Celui qui n'est pas la fin

Ce qu'il y a de plus intéressant à écrire sur Tchang Kaï-chek, ce n'est pas s'il peut être inclus dans la liste des « personnes ayant le plus contribué à Taïwan », mais que sa contradiction nous montre comment le système a changé de direction.

Un gouvernement autoritaire peut faire le choix de l'ouverture en raison de l'isolement international, des mouvements sociaux, des changements économiques, de la crise de gouvernance et du jugement du dirigeant. Mais une fois l'ouverture survenue, elle ne appartient plus seulement au dirigeant. Les journalistes, les personnalités indépendantes des partis, les familles des victimes, les avocats, les travailleurs, les agriculteurs, les femmes et les militants des mouvements autochtones élargiront la fente de la porte en un espace public.

La narration officielle du Palais présidentiel place Tchang Kaï-chek au centre de la réforme. Les données académiques et des droits humains nous rappellent qu'à côté du centre, il y a toujours eu des corps et des voix écrasés. 1 6 8 Lire ces sources ensemble ne donne pas un Tchang Kaï-chek plus beau, mais une réponse plus proche de l'expérience taïwanaise : la démocratie n'est ni un don, ni un fruit mûr naturellement, mais un espace qui a été ouvert d'une fente, et que beaucoup ont ensemble préservé, élargi et redéfini.

Il a poussé la porte, mais n'en est pas le maître. Les personnes à l'extérieur de la porte ont fait de Taïwan un endroit où les maîtres peuvent changer.

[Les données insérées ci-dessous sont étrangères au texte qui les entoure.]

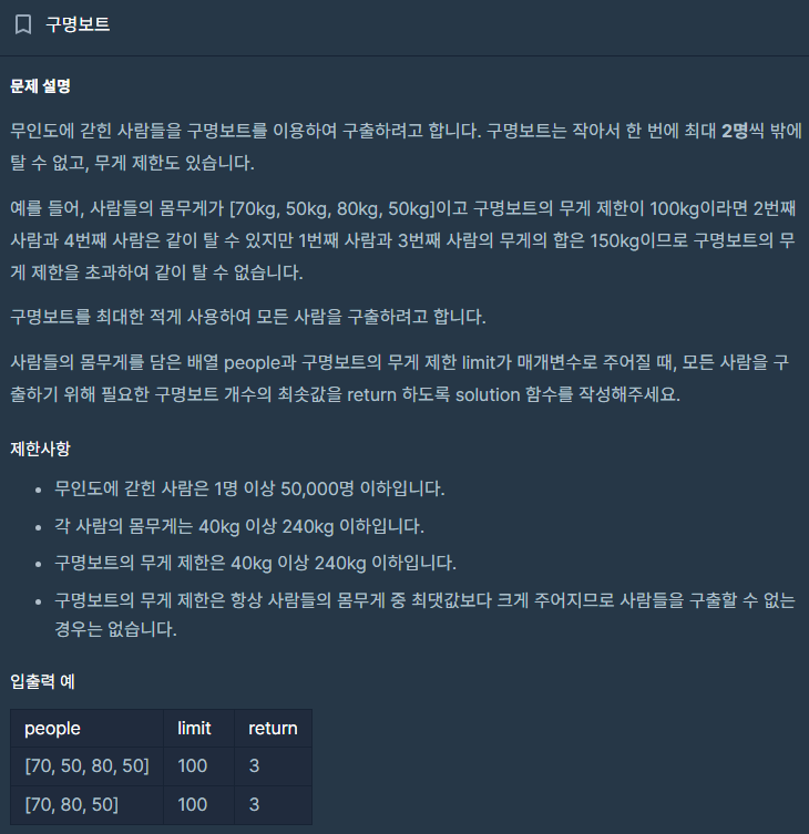 가장 가벼운 사람의 인덱스로 사용할 first와 가장 무거운 사람을 태울 인덱스로 사용할 last를 만들어줬다. 그 뒤 Arrays.sort를 사용해서 people을 오름차순으로 정렬해 줬다. 그 뒤 while문을 사용해서 last가 first보다 크거나 같을 때 반복하도록 했다. 내부에서는 if문을 사용해서 people의 first, last번째있는 값을 더해서 limit보다 작거나 같으면 태울 수 있으니 first를 1 증가시키고, 아니라면 last만 1을 빼주고 answer에는 보트하나를 더해준다. 이런 식으로 하게 되면 큰사람은 계속 탈 수 있고, 제일 작은 사람과 큰사람을 비교해 가며 두 명이 함께 탈 수 있을 때는 first +1, last -1이 동시에 이루어져 모든 사람을 태우면서 가장 조금 필요한 보트의 수를 구할 수 있을 것이다.

Voici l'héritage le plus difficile et le plus utile que Tchang Kaï-chek a laissé à Taïwan : un processus, et non un monument.

Sources des images

Références

  1. Chiang Ching-kuo (6th - 7th terms) — Presidents since 1947 — Page officielle des personnalités du Palais présidentiel, enregistrant le mandat de Tchang Kaï-chek, la levée du martial, l'ouverture de la presse et des partis, ainsi que la visite en Chine continentale.234
  2. 人的精神理念在歷史變革中的作用——美麗島事件和台灣民主化 — Les recherches de Wu Nai-te de l'Academia Sinica sur l'incident de l'Île du Beau Pays, les masses et les mouvements d'opposition dans la démocratisation de Taïwan, et la critique des explications attribuant la démocratisation uniquement au mérite de Tchang Kaï-chek.
  3. The Autocratic Democrat: why did Chiang Ching-kuo dismantle Taiwan’s authoritarian regime? — Revue d'histoire de l'Université d'Édimbourg, analysant les motivations possibles de la réforme de Tchang Kaï-chek à partir de la crise diplomatique de la guerre froide et de la vague de démocratisation internationale.
  4. 總統接受美國「華盛頓郵報」專訪並以「台灣領導人推動公投以『台灣』名義加入聯合國」為題刊出 — Documents de mémoire conservés par le Palais présidentiel en 2007, reliant l'incident de l'Île du Beau Pays, la création du PDP et la révélation par Tchang Kaï-chek en 1986 de ses plans de levée du martial à Graham.23
  5. 經國先生與臺灣民主化 — Le site commémoratif du centenaire de la naissance de Tchang Kaï-chek conserve la version chinoise de la citation « L'époque change, l'environnement change, la tendance change » et la narration de la levée du martial.2
  6. 蔣經國與臺灣政治發展的歷史再評價 — Xue Huayuan analyse les différences entre la levée du martial, la libéralisation et la démocratisation, ainsi que la responsabilité de Tchang Kaï-chek dans la gouvernance autoritaire et les atteintes aux droits humains.23
  7. The end of martial law: An important anniversary for Taiwan — Le Lowy Institute retrace la Loi sur la sécurité nationale, les réformes constitutionnelles, la mémoire publique et la poursuite des mouvements démocratiques après la levée du martial.234
  8. 江南案 — 國家人權記憶庫:事件 — La Banque de mémoire des droits humains de l'État retrace la chronologie de l'affaire Chiang Nan de 1984, l'implication du Bureau des renseignements, le traitement par Tchang Kaï-chek et la pression de l'enquête américaine.23
  9. 開箱老照片》蔣經國總統宣布解嚴 — L'agence de presse Central retrace la date du 7 juillet 1987 (résolution du Yuan législatif), le 14 juillet (décret présidentiel) et le 15 juillet (entrée en vigueur de la levée du martial), ainsi que les réformes ultérieures.23
À propos de cet article Cet article a été créé par collaboration communautaire avec l'assistance de l'IA.